Health Emergencies Spike as Air Pollution Worsens

Posted on Sep 19, 2009 in Health & Wellness

Wednesday, June 17, 2009Visits to the emergency department (ED) for heart- and lung-related illnesses climb as air gets dirtier, a new analysis of data from seven Canadian cities shows.

Dr. David M. Stieb of Health Canada in Ottawa, Ontario and his colleagues found a rise in ED visits for cardiac conditions along with elevations in carbon monoxide and nitrogen dioxide levels, while increases in ozone levels were followed by a rise in ED visits for respiratory problems.

There is strong evidence linking high levels of air pollution to hospitalizations of relatively ill people, but less is known about how healthy people fare when air pollution worsens, Stieb and his team note in their report.
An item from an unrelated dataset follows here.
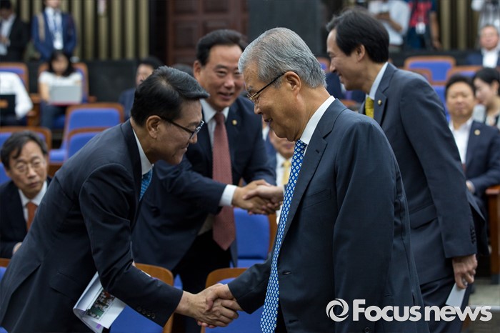 (서울=포커스뉴스) 김종인(오른쪽) 더불어민주당 비상대책위 대표와 우상호(오른쪽 두 번째) 원내대표가 4일 오전 서울 여의도 국회에서 열린 의원총회에 참석해 동료 의원들과 악수 하고 있다.

They decided to look at ED visits because these represent a wider – and healthier – sample of the population than hospitalizations, the researchers say, because fewer than half of people seen in the ED are ill enough to be admitted to the hospital.

The researchers analyzed data from the late 1990s and early 2000s for ED admissions at 14 different hospitals across Canada in relation to air pollution records from the National Air Pollution Surveillance system, as well as archived weather data for the same time period.

The most “consistent” links they found were between carbon monoxide and nitrogen dioxide and visits for heart attack or angina and heart failure, and between ozone levels and visits for asthma and chronic obstructive pulmonary disease.

The relationships were stronger in the warmer months of the year, especially for air pollution and ED visits for asthma, which were three to four times greater between April and September compared to the year-round average – probably because people spend more time outdoors in milder weather, increasing their pollution exposure.

The researchers conclude: “These results add further weight to arguments regarding the role of air pollution in contributing to adverse health events, and imply that interventions to reduce these pollutants are warranted in an effort to reduce cardio-respiratory ED visits.”